Too many mothers are feeling pressure from social media to portray themselves as perfect, according to the actress starring as an ambivalent mum-to-be in Baby Done, a hit New Zealand comedy film.
Comedian Rose Matafeo, a London-based New Zealander who's also written BBC Three's millennial sitcom Starstruck, plays Zoe in the movie, produced by Jojo Rabbit's Taika Waititi.
Both Zoe and her partner Tim, played by Harry Potter star Matthew Lewis, are taken aback to find she is pregnant.
But while Tim's eager to be a dad, Zoe frets that her adventurous life has come to an end. So she draws up a bucket list to achieve before the baby arrives.
Matafeo recalls that after the film was released in New Zealand in 2020, people got in touch, confessing to sharing Zoe's misgivings about motherhood.
"There were Twitter comments such as, 'it's so nice to see an actual reflection of this, it happened to me, I felt so much guilt over not having the 'right' feelings,' "she says.
"We've got past so many constrictive gender expectations, but we've almost regressed in certain ways in terms of social media.
"What you put out there is what you want to be seen as and lots of people have doubled down on events like baby showers and gender reveal parties to have a picture-perfect curated form of themselves, almost like a brand.
"It's relatively new - my mum didn't have Instagram where she could directly compare herself with other women and thinking 'oh no, should I be doing that?' She muddled through with the advice of some nurse, her own mum and sisters.

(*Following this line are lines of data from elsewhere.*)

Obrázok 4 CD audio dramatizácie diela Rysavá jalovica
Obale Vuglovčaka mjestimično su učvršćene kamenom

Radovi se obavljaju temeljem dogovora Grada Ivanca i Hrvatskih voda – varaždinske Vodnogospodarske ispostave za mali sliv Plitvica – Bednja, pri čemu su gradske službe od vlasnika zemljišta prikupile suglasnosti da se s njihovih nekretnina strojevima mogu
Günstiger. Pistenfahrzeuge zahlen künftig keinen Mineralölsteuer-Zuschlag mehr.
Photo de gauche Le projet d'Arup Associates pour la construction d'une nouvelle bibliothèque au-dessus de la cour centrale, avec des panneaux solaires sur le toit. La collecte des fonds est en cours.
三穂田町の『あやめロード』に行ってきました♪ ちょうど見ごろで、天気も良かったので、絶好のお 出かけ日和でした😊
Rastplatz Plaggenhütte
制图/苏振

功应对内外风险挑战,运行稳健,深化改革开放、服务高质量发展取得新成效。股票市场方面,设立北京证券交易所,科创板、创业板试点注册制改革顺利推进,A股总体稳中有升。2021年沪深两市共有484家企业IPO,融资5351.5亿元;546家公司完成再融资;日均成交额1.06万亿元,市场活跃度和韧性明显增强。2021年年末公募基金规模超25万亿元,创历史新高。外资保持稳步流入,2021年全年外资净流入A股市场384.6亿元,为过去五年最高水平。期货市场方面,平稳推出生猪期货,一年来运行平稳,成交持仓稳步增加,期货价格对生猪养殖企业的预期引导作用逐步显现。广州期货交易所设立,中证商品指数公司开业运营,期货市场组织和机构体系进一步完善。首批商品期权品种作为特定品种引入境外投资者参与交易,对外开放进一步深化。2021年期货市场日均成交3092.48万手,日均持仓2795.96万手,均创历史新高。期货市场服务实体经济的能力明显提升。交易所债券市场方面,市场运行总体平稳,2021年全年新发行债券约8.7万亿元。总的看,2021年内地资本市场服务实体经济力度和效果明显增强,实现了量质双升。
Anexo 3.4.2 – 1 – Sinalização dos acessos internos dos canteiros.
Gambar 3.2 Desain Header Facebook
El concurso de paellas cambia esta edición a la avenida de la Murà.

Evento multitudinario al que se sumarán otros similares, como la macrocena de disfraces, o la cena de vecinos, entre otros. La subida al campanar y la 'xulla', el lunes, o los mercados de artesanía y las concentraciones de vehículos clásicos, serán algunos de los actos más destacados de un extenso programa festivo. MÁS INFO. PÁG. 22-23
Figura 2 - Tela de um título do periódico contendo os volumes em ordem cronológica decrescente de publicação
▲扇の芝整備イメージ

"The pressures of being a mum have increased. The pressure is not only to be a good mum but to be seen as one too."
It's even felt by the biggest celebrities. In 2018, tennis star Serena Williams gave an interview to Time magazine where she admitted that she had felt pressure to look good on her Instagram account after giving birth to her daughter. A shot of her post-pregnancy figure was created with the help of a corset-like device.

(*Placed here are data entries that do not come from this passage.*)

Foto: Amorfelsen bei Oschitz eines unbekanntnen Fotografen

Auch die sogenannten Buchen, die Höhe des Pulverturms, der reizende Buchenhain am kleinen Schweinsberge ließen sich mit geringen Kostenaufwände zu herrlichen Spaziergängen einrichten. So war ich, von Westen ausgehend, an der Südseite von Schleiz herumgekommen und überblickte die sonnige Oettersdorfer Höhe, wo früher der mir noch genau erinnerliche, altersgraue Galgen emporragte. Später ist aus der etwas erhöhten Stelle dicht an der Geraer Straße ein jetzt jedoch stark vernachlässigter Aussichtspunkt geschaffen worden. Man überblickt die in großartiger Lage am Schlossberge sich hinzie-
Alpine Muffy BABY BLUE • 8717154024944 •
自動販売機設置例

Matafeo thinks that the battle is mental as well as seeking a physical perfection.
"Zoe feels she's not living up to expectations of being a mother, it's sad," she explains.
"So many women and people who can have children feel their personalities are forgotten or erased when parenthood happens. Others can seemingly forget you were a person with a life before children and it's quite sad that we diminish a person's complex personality and nature as soon as they become something else. It's along the lines of, 'you're a mother now, so that's sorted, I've categorised you.'
"It's a common thing for women to feel this upheaval I think. A character like Zoe is so rarely portrayed in stories about pregnancy, but a woman freaking out, not only about her life changing but about the concept that there's actually another human growing inside her, seems completely normal to me. So, I'm glad people feel understood by a more nuanced portrayal."

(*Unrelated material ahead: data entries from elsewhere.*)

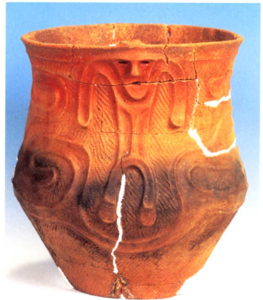
じんたいもんどき ▲人体文土器

約4500年前の家のあとであることが分かっています。屋根は元のすがたを想像してつくられています。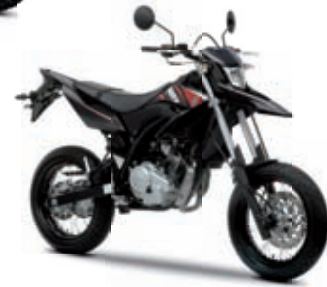
WR 125 X '10 3799 € TTC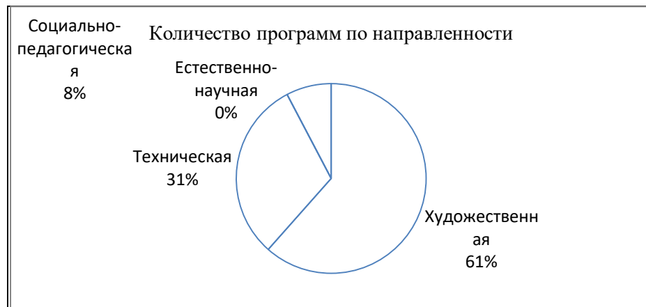
Рисунок 1- Количество программ по направленности

На диаграмме видно, что наиболее востребованными являются программы художественной направленности. Подобная ситуация напрямую связана с половозрастными особенностями контингента обучающихся и педагогов, повышением интереса социума к различным видам декоративно-прикладного творчества.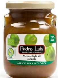
Mermelada de ciruela Eco 16,37€ Frasco A-275 Neto: 300 g Capacidad: 275 ml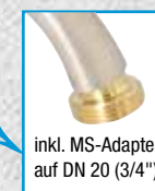
inkl. MS-Adapter auf DN 20 (3/4")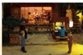
「梅ちゃん先生の町」2012年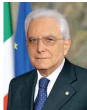
Il Presidente della Repubblica Sergio Mattarella Capo dell'O.M.R.I.

la Presidenza del Consiglio dei Ministri si conclude con la raccomandazione di corredare le segnalazioni di tutte le informazioni raccolte sulla persona, sui suoi meriti e sulle eventuali onorificenze già conferite, in modo che le singole pratiche siano il più possibile esaustive, onde evitare il dar corso a proposte non regolarmente compilate.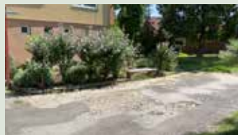
Chodník pri BD č. 1323 na Sídlišku II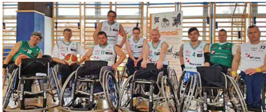
Z novimi vozički do novih zmag

Ekipa Društva paraplegikov ljubljanske pokrajine, ki uradno nosi ime DP Ljubljana Mercator , je tako 5. aprila 2016 na svojem treningu v Dragomlju v prisotnosti predstavnikov dobavite-

Part of the reason the story feels relatable to many is that Baby Done was conceived by the real-life partnership of director Curtis Vowell and screenwriter Sophie Henderson, from Auckland, New Zealand. Henderson describes the script as "semi-autobiographical."
"I started the script when I was pregnant with our first daughter, and I finished it when I was pregnant with the second," recalls Henderson. "It was my coping mechanism.
"Like Zoe, I also said that we had to live the next nine months like they were our last," she says.
"We definitely related to that feeling of denial that comes with growing up and the fear that you might lose yourself when you become parents," adds Vowell. "We thought that if we had these mixed feelings about parenthood, surely there were other couples feeling the same way?"
Henderson says that especially during her first pregnancy, "I did feel like I was the odd one out in the way I was feeling. Most of my friends seemed to be in the glowing, never feel sick, just really excited about it all pack, and it wasn't until later they said, like Zoe, 'that was me'."
In the film, Zoe is an arborist, or a tree surgeon, as Henderson deliberately wanted to show a pregnant woman doing as physical a job as possible - and excelling.
"I think what surprised me while I was writing the Baby Done script was that I'd seen a lot of stories about the guy freaking out," Henderson says. "I thought when it came to the woman having a problem, that surely that had been done too, but really it hadn't.
"I found that generally, stories romanticised the process for a woman. There's just this feeling that if a woman's having a baby, she should simply be grateful and happy about it."
Writers' own bucket list
Baby Done was filmed, Vowell and Henderson recall, when their second daughter was three months old. Both their children were often on set during the making of the movie - an experience Henderson says "I wouldn't necessarily recommend to everyone".
"I was only able to do that because as a writer, I didn't have to be there every day and I had a lot of support," Henderson says. "Pursuing your dreams and having children at the same time is hard."
Nevertheless, the couple say that making the film was on their own bucket list of dreams, and they achieved it.
"I fear the experience might have put Rose off from having children forever though," jokes Vowell.